Running Apache Spark (PySpark) jobs locally
Apache Spark is not among the most lightweight of solutions, so it’s only natural that there is a whole number of hosted solutions. AWS EMR, SageMaker, Glue, Databricks etc. While these services abstract out a lot of the moving parts, they introduce a rather clunky workflow with a slow feedback loop. In short, it’s not quite like developing locally, so I want to talk about enabling that.
Now, as long as you have Java and Python installed, you’re almost all set. At this point you can python3 -m pip install pyspark
, be it in a virtual env or globally (the former is usually preferred, but it’s up to your setup). Spark is neatly packaged with all the JARs included in the Python package, so there’s nothing else to install.
When working in Spark, you get a global variable spark
that enables you to read in data, create dataframes etc. This variable is usually conjured out of thin air in hosted solutions, so we’ll have to create it ourselves.

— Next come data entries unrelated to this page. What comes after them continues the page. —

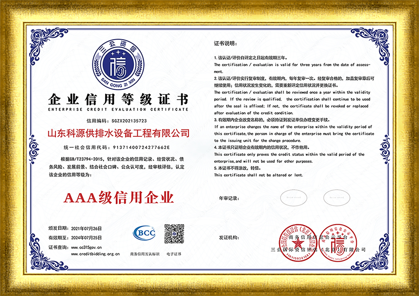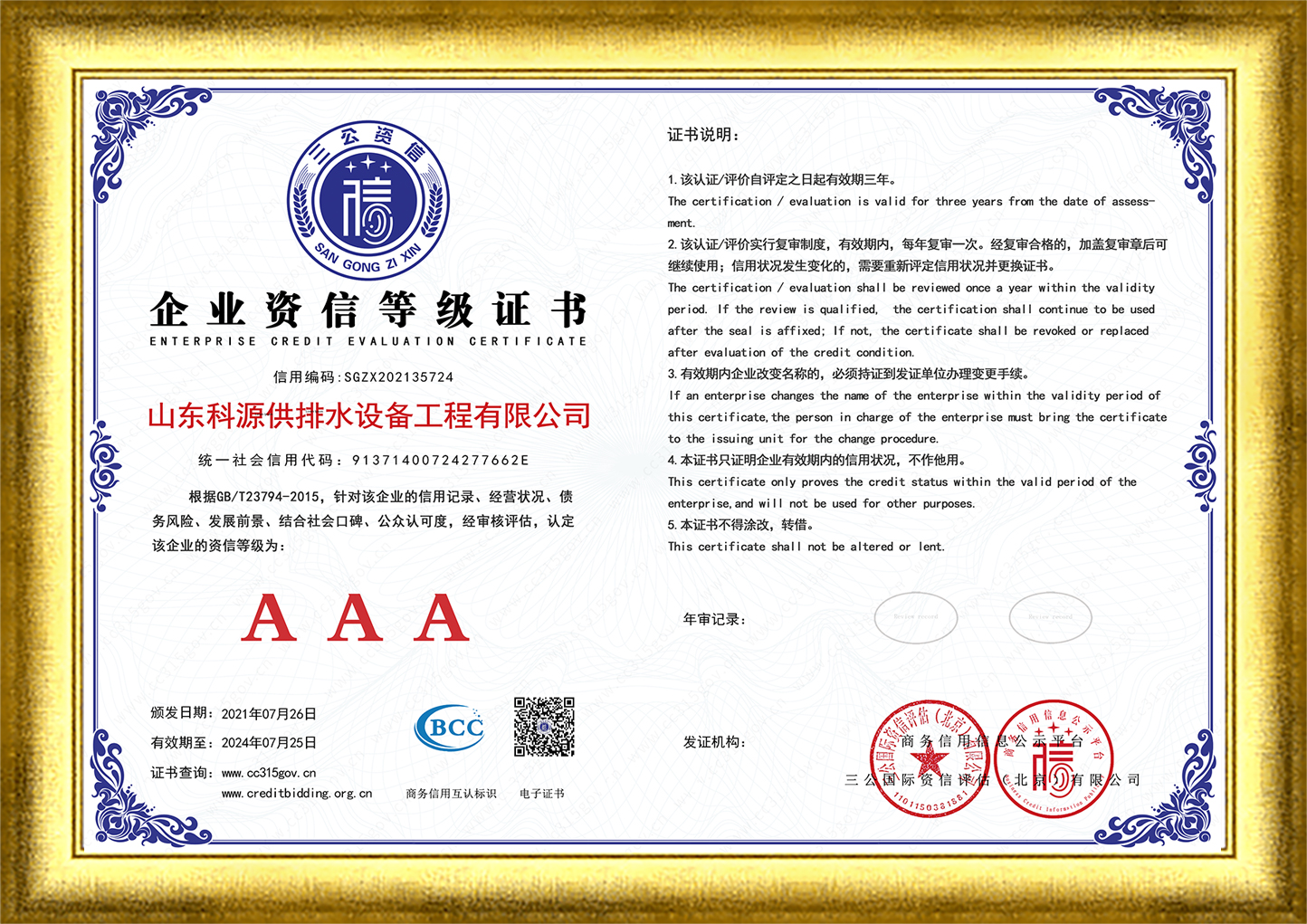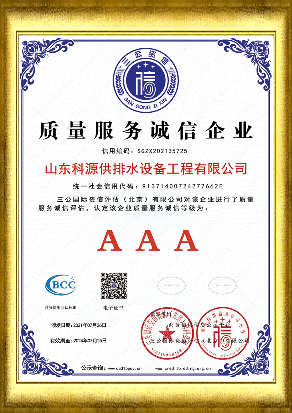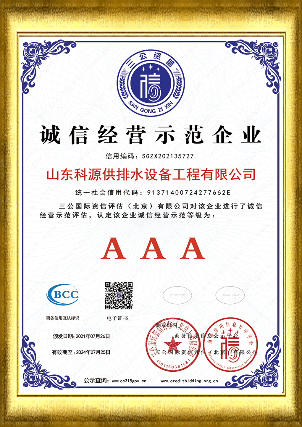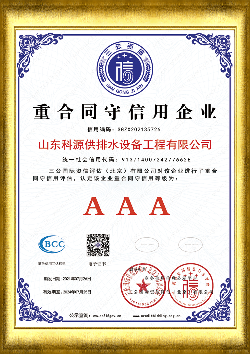 山東科源供排水設(shè)備工程有限公司成立于1999年,公司注冊資本1000萬元,總資產(chǎn)2388萬元,年產(chǎn)值近2000萬元,是山東省從事供排水施工的唯一省級高新技術(shù)企業(yè),公司始終致力于供排水工程技術(shù)的探索與實踐,已承接建成的凈(污)水廠達(dá)數(shù)十個,并運營10萬噸凈水廠1座,是國內(nèi)供排水行業(yè),技術(shù)創(chuàng)新領(lǐng)軍企業(yè)。公司在職職工45人,其中大專以上學(xué)歷26人,博士研究生3人,高級工程師4人,工程師10人。2015年公司成為央視誠信檔案欄目上榜企業(yè),2016年5月,榮膺德州市“啟航計劃”企業(yè)和“三個一百”企業(yè)。
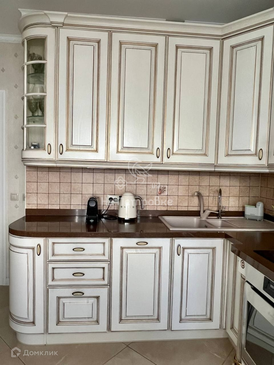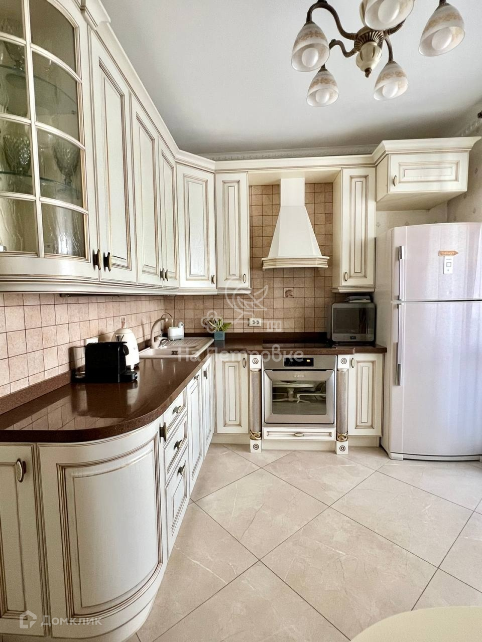 Кухня оснащена всей необходимой техникой : холодильник, плита, посудомоечная машина, и выполнена  в классическом стиле в светлых тонах.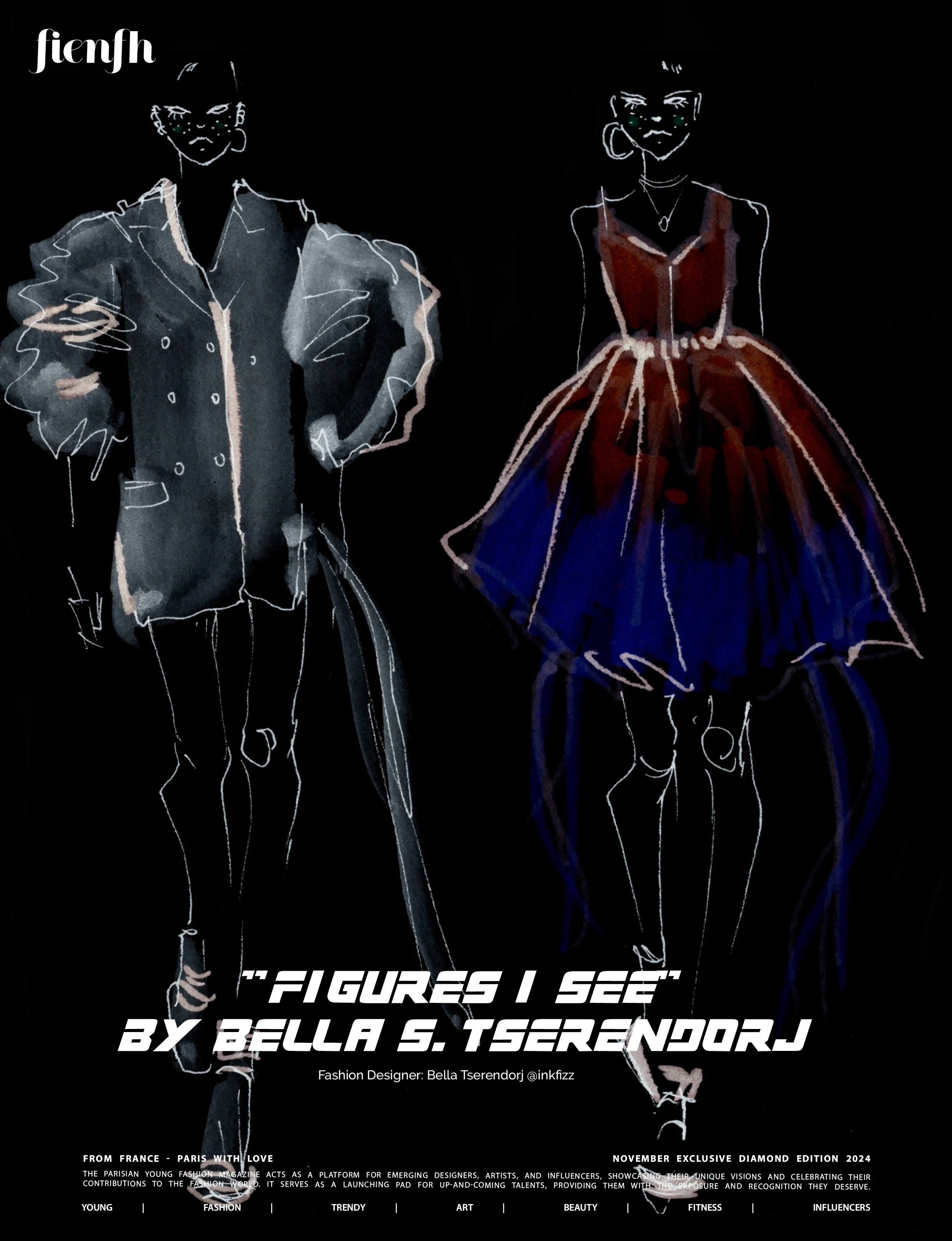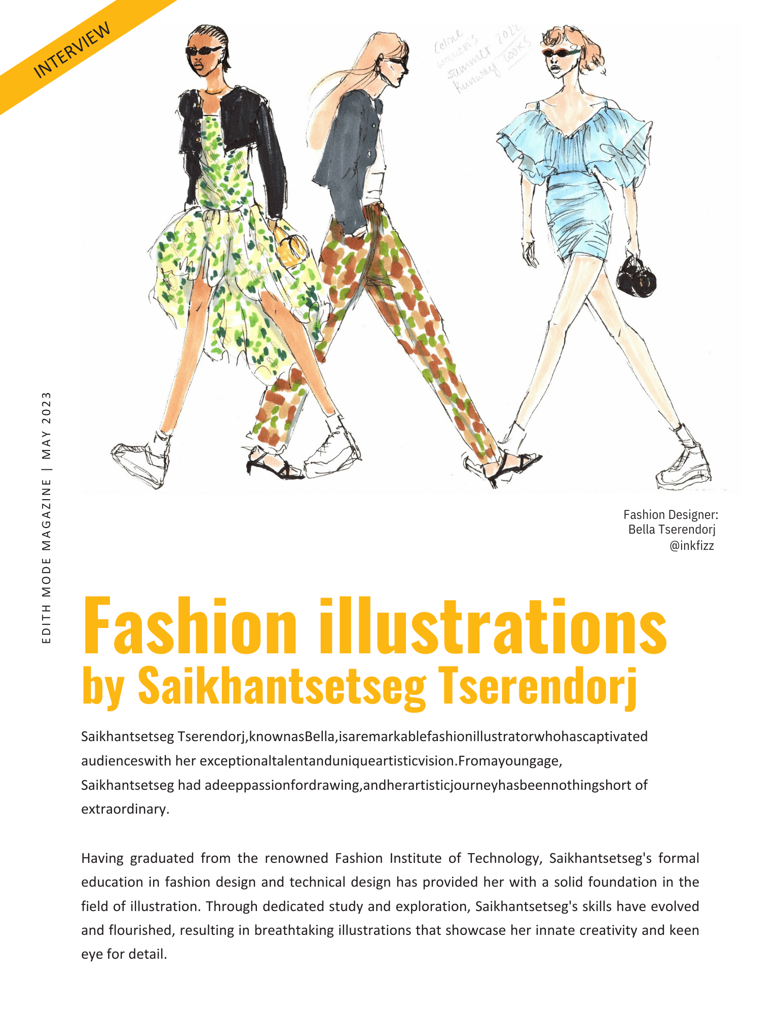 Saikhantsetseg Tserendorj (Bella) is a New York based fashion illustrator and live event sketch artist specializing in fashion-inspired, hand-drawn illustrations created on-site for brand activations, corporate events, private events, and experiential marketing campaigns. Her work has been commissioned by major clients including Fendi, YSL, Macy’s, Meta, Hilton, Kay Jewelers, and Oribe. She is also featured in numerous international fashion and art publications.

Let’s create a pipeline.py
with just the following
from pyspark.sql import SparkSession
spark = SparkSession.builder.getOrCreate()
print(spark.sql('select 1').collect())
The session alone would suffice, but the SQL statement is there just to test things out. Running python3 pipeline.py
should launch a Spark session, run the simple query and exit (you could equally run spark-submit
, but it’s not necessary here). If you want to investigate the environment some more, you can run python3 -i pipeline.py
, which is Python’s way of saying “run this file and drop me in a Python interpreter with the state this run results in”. Super helpful for debugging.
Taking things further
Since we have our Spark session, we can do our typical df = spark.read.csv('our_data')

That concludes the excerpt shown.